I talked to a man at Waterstone’s checkout counter.
“Right you are,” he said. “Are you walking or driving?” When I told him, he gazed out one of the big plate-glass windows for a minute, and then said, “You might want to try The Green Man, just down the High, a bit past Logic Lane. All sorts of incense and things of that nature.”
I followed his directions and walked eastward down the High. My watch said ten minutes to five. Most stores on the High closed around five-thirty or six, so it was getting near closing time. I found The Green Man and smelled the aroma of burning incense through the open door. I stepped inside.
No one was minding the store apparently, but I heard chatter from a back room. It sounded as if a half-dozen or more people were talking, gaily, like a party. The little shop was claustrophobic, with glass cases and racks of the sort of thing I expected to find in a place like this: A wicker basket full of pagan posters in rolls, a rack of greeting cards with fairies and pentagrams all done in a pre-Raphaelite style. Jewelry with spiders. Shelves full of oils and essences. A purple skirt with sewn-on spangles and tiny bells had fallen to the floor under a circular stand of black T-shirts with air-brushed designs.
I strained to hear what was being said in the back room. All I caught was a woman’s voice saying something like “holy thorn tree.” I detected both male and female voices. A gaunt, slightly stooped man slipped past the velvet curtain separating the back room from the front of the shop.
“Ehh. Didn’t know anyone was out here. May I help you?”
“Just browsing,” I said. That sounded inadequate. “I’m looking for a card for a sick friend.”
Couldn’t you come up with something better than that, Dotsy?
“These are so nice.” I turned to the card display and picked up a random one.
“Indeed,” the man crept behind the jewelry case and began fiddling with the earrings, positioning himself to make it impossible for me to shoplift any of their more expensive items.
I found myself actually searching for a card that would make a sick friend feel better.
Aha. This is a good way to introduce the real reason I’m here.
“This is so difficult,” I began. “A couple of friends of mine—acquaintances actually, but we’re staying on the same staircase at St. Ormond’s College—well, the man died this . . .”
A raucous belly laugh shook the curtain to the back room.

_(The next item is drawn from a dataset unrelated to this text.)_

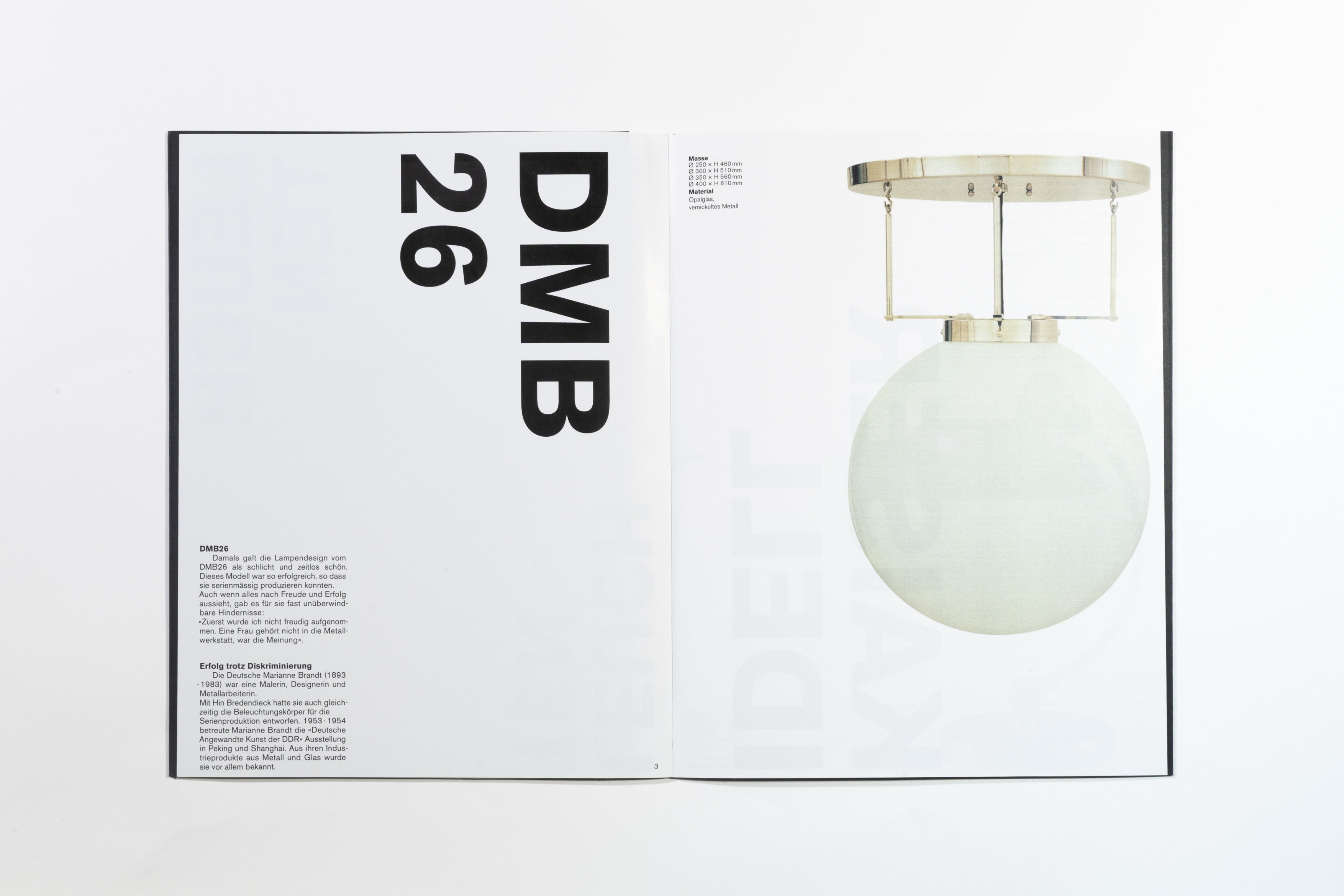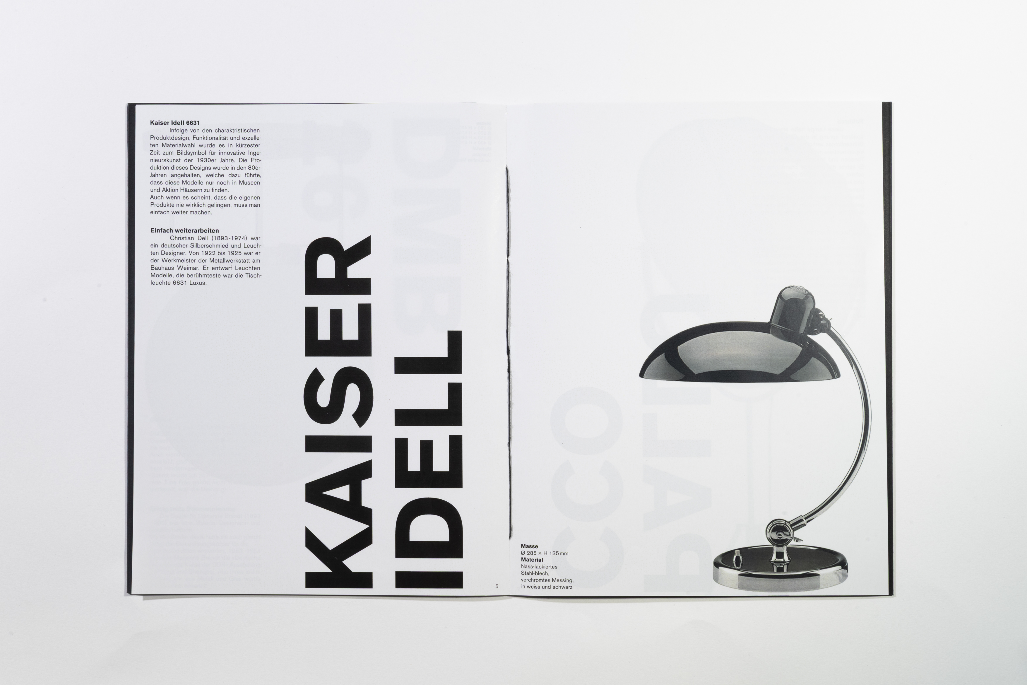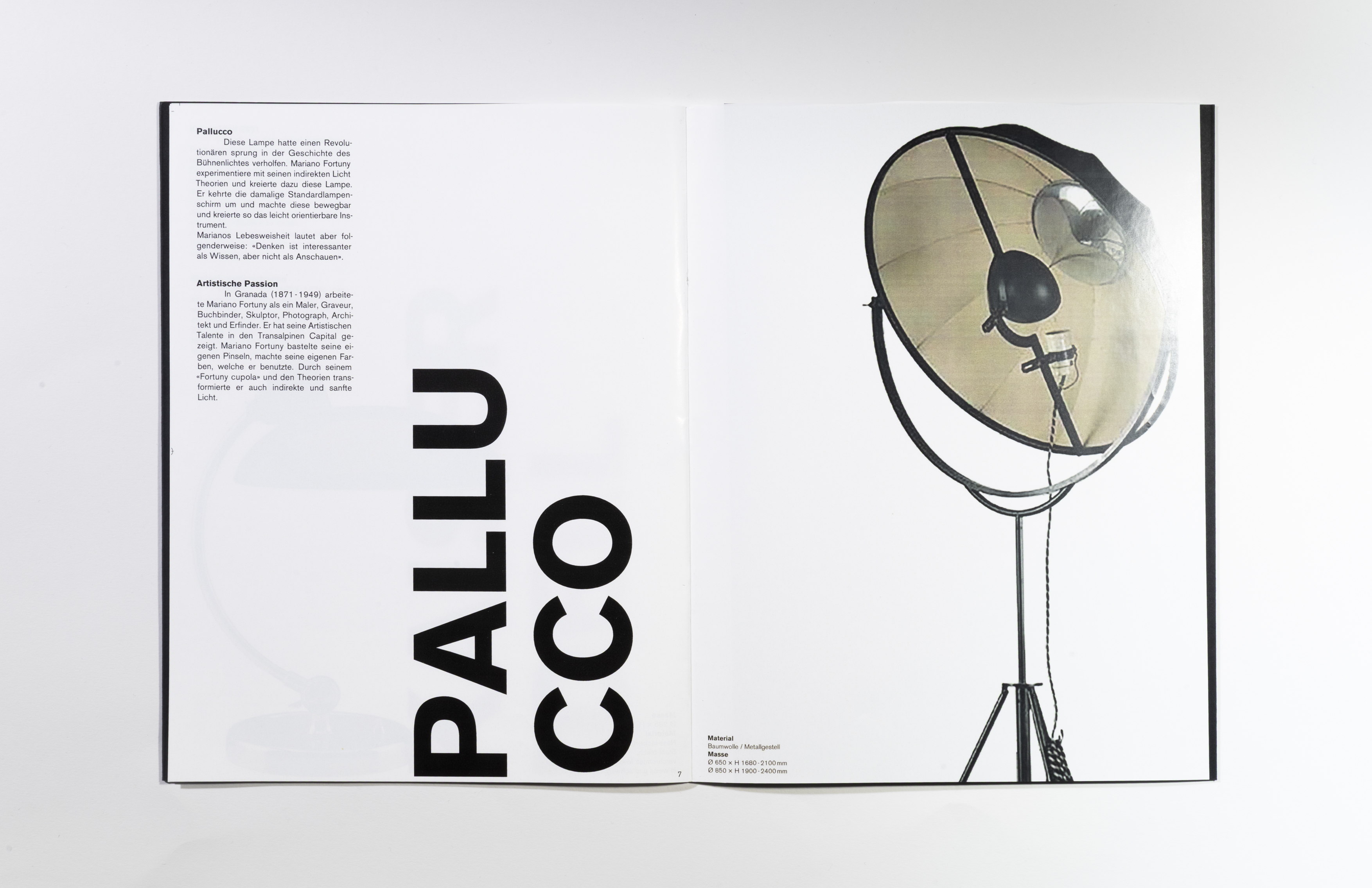 Durch Recherche und Entwurfsprozess kann man ein Layout designen, das Designerleuchten passend und anregend darstellt. Dabei wurde Wert auf eine klare Struktur, Typografie und Bildanordnung gelegt. Der kompakte Katalog zeigt drei verschiedene Lampen, jede auf einer eigenen Doppelseite mit Hintergrundgeschichte und einem klaren, durchgängigen Aufbau. Die jeweiligen Designer werden in einer eigenen Infobox vorgestellt. Das Projekt verbindet Informationsdesign mit einer ästhetischen Präsentation und schafft einen ruhigen, wirkungsvollen Gesamteindruck. Das Dossier folgt das Ziel, Interesse und Bedeutung für Designobjekte, insbesondere für Leuchten, zu wecken.

I stopped in mid-sentence, forgetting all about what I was trying to say. It was Mignon Beaulieu’s laugh. No doubt about it.

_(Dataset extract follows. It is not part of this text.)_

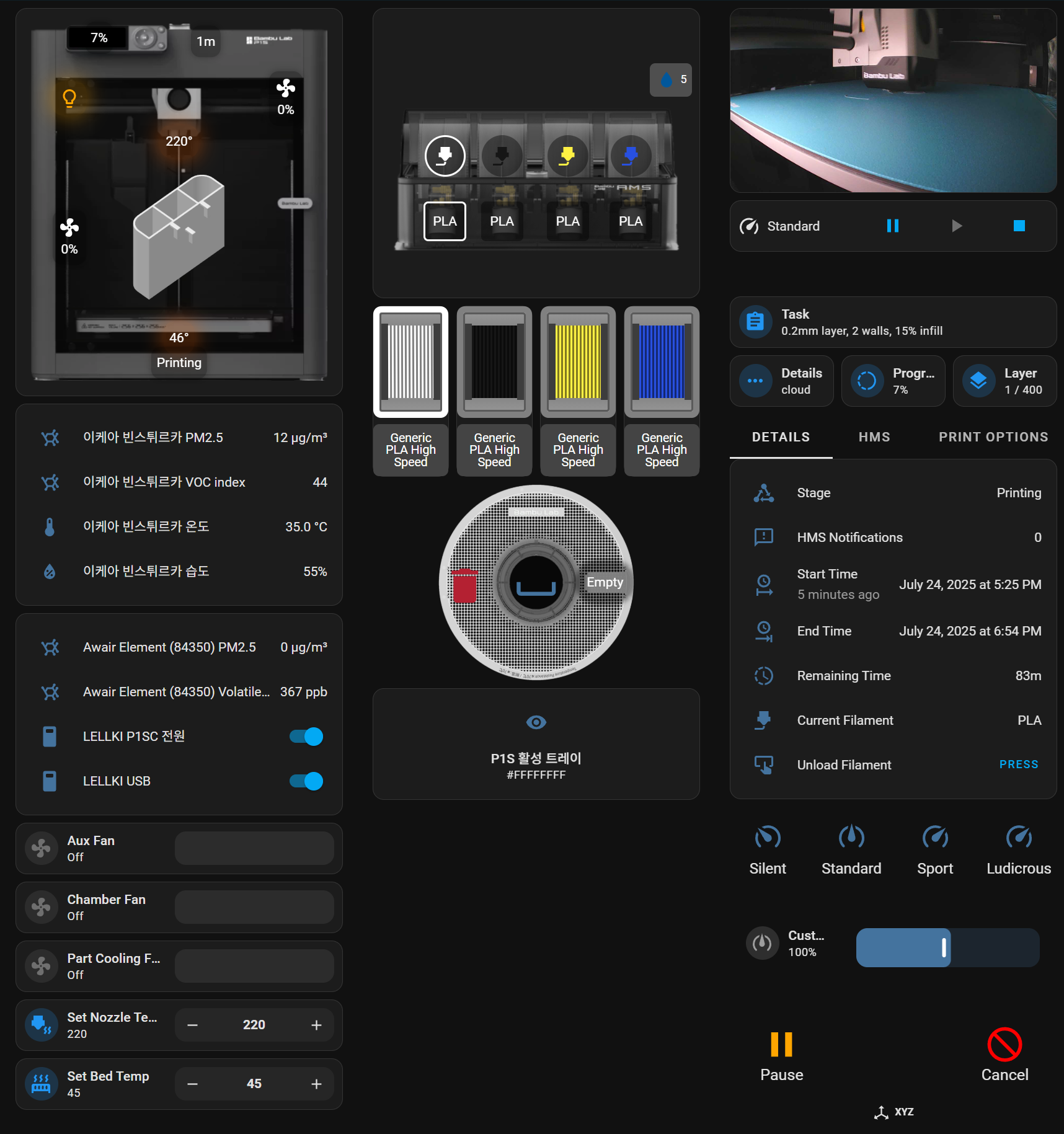 - 라이브 카메라, 진행률, 레이어, 온도 등 실시간 종합 모니터링 - AMS(재료) 상태까지 한눈에 확인 |
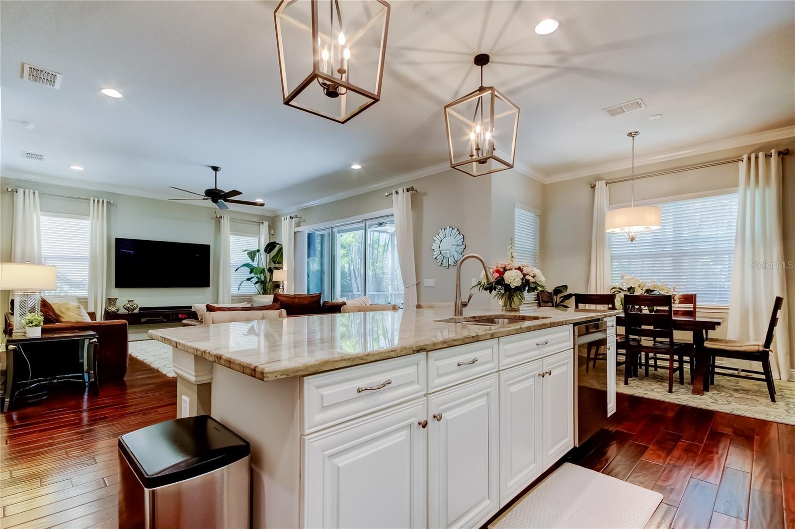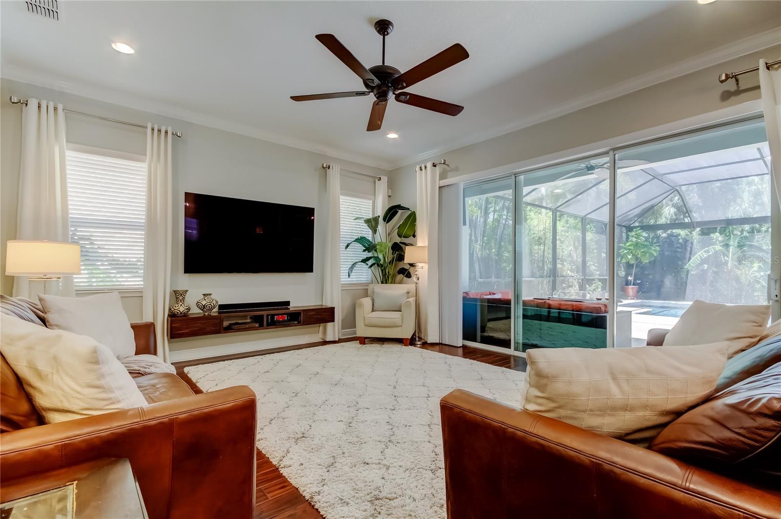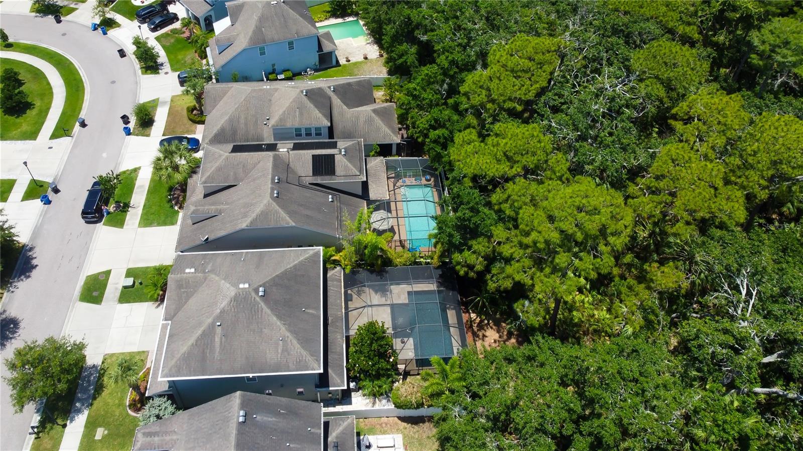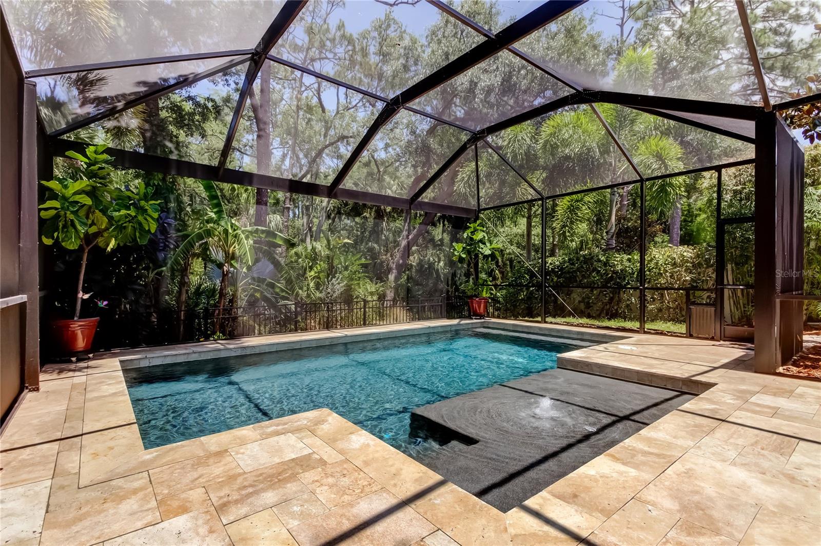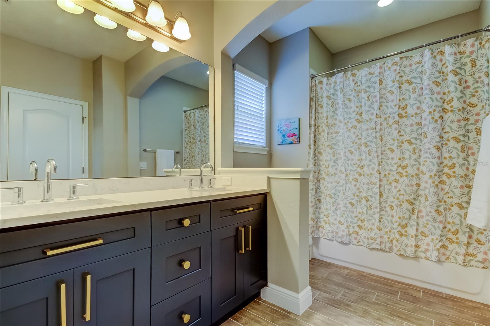 Welcome to this beautifully updated 4-bedroom, 3-bathroom pool home in the highly sought-after Champions Forest neighborhood. Set on a premium conservation lot, this home offers a functional layout, designer upgrades, and a tropical resort style backyard built for year-round Florida living. This home is truly turn-key and loaded with upgrades. Inside, you’ll find rich engineered hardwood floors, elegant crown molding, and upgraded light fixtures throughout the main level. The heart of the home is the gourmet kitchen, featuring a large granite island, 42” white wood cabinets with crown, glass tile backsplash, and a stunning mosaic marble accent under the custom range hood. Built-in stainless steel appliances include a wall oven, microwave, and sleek cooktop with hood. The first-floor bedroom and full bath are perfect for guests or multigenerational living, with a new vanity, upgraded walk-in shower, and wood-look tile finishes. Upstairs, the primary suite features a tray ceiling, crown molding, and a luxurious en-suite bath featuring new quartz vanity with dual sinks, walk-in shower, and a large walk-in closet. Two additional guest bedrooms share a full bath (also with new quartz vanity)—one with direct bathroom access—and a versatile bonus room provides the ideal space for an office, playroom, or second living area. Ceiling fans throughout add comfort and efficiency. Step outside to your tropical resort-style backyard with a heated saltwater pool, sun shelf with bubbler, and travertine decking. The panoramic screen enclosure includes no-see-um screening and a dog door for convenience. The extended lanai, tropical landscaping, outdoor lighting, and French drain system create a relaxing and private outdoor oasis. Located minutes from great rated schools, parks, biking trails, Westchase, shopping, dining, the YMCA, and just 15 minutes to Tampa International Airport and 20 minutes to the Gulf beaches—this home blends luxury, function, and location.

I rushed back to St. Ormond’s in time to shower and change clothes before dinner, aiming to be ready for cocktails at six-thirty but failing to notice our schedule said nothing about pre-dinner drinks. It said dinner at seven. I stood outside the garden door of the Master’s Lodgings, hearing nothing but silence from within. No light peeked through the curtained window beside the door. When I realized my mistake I wished I could take back my knock, fearing Harold Wetmore would open the door, wrapped in a towel and straight from the shower.
I turned and hurried back toward the East Quad, now wondering what to do with the extra thirty minutes before dinner. Lettie was still asleep, and I assumed she’d set her alarm for whatever time she wanted to wake up. After the night she’d had, I didn’t want to wake her.